Le Monde dans nos tasses - L’étonnante histoire du petit-déjeuner, de Christian Grataloup

Je suis de celles qui pensent qu’il n’y a pas de sujets mineurs, surtout quand il s’agit d’alimentation ! L’auteur souligne dans son introduction qu’il comble un grand vide en publiant un livre sur l’histoire du petit-déjeuner et son œuvre a d’ailleurs suscité l’intérêt de plusieurs médias francophones (voir son intervention dans Concordance des temps sur France Culture ici et sur La Première ici).

Il faut dire que Christian Grataloup nous livre une histoire passionnante et une analyse fouillée sur un repas pris parfois à la va-vite avant d’aller en cours ou au travail. L’auteur se concentre tout d’abord sur les trois principales boissons chaudes consommées le matin en Occident; à savoir le café, le chocolat et le thé.

Parmi les nombreux enseignements que l’on peut tirer de cette fascinante lecture tout à fait accessible mais aussi très dense, c’est que le petit-déjeuner que nous connaissons en Europe occidentale est le corollaire du colonialisme, de la mondialisation et l’exploitation des hommes (surtout pour le café et le thé). C’est en effet par son expansion coloniale et commerciale que l’Europe découvre ses trois plantes qui ne poussent pas sur son sol et adopte les boissons qu’on en tire au petit-déjeuner dès le XVIIIème siècle (d’abord chez les classes sociales élevées d’Amsterdam, Londres ou Paris, car ces boissons étaient très onéreuses).

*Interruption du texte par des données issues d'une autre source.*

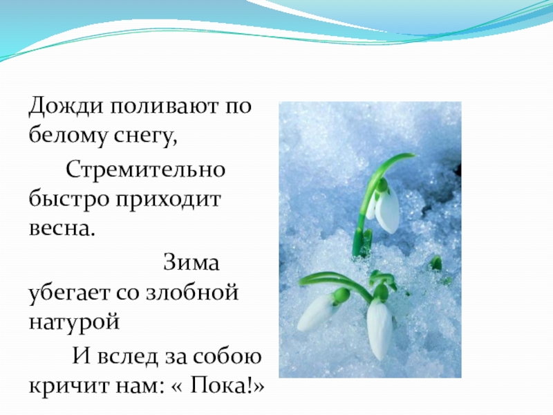 Дожди поливают по белому снегу,   Стремительно быстро приходит весна.
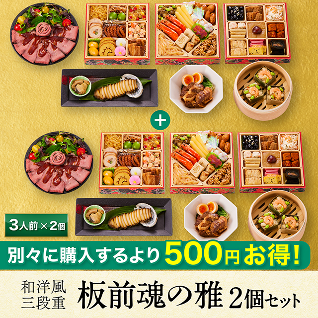 【本日限定!ポイント5倍+最大2,000円OFFクーポン】おせち 完売間近 予約 おせち料理 板前魂の雅 2個セット 和洋風三段重 ローストビーフ 福良鮑 鮑 あわび 豚角煮 海鮮おこわ 付き 3人前 40品目 人気 正月 冷凍 食品 2025 2026 送料無料

Auparavant, le premier repas de la journée était semblable aux autres et ce n’est que par la pénétration des trois boissons d’origine tropicale que le déjeuner est devenu “petit”.

La grande consommatrice de thé que je suis a évidemment accordé plus d’attention au chapitre dédié à ce breuvage venu de Chine. Alors que le café était récolté par des esclaves en Amérique, les colons britanniques qui sont parvenus à faire cultiver le thé en Inde, au Sri Lanka ou au Kenya, ont mis en place le système de “l’indenture” (traduit par “engagisme” en français) ou “coolie trade”. Le statut des ouvriers forcés de travailler loin était à peu près similaire à ceux des esclaves d’Amérique: déplacement de population, conditions de travail très dures, fort taux de mortalité.... “Ce n’est pas de la traite esclavagiste mais cela y ressemble”, note Christian Grataloup.

Et c’est un autre enseignement de ce livre: les boissons énergisantes que nous consommons en grande quantité et qui ont alimenté la Révolution industrielle ont aussi encouragé l’exploitation et l’appauvrissement du “Sud global”, qui d’ailleurs ne boit pas nécessairement ces boissons chaudes au petit-déjeuner. L’auteur évoque également l’histoire de la vaisselle créée et développée pour consommer ces boissons, ainsi que l’histoire du pain etc.

Bref, une mine d’informations très documentée et, je tiens à le souligner, très bien écrite, très agréable à lire. Une lecture très enrichissante.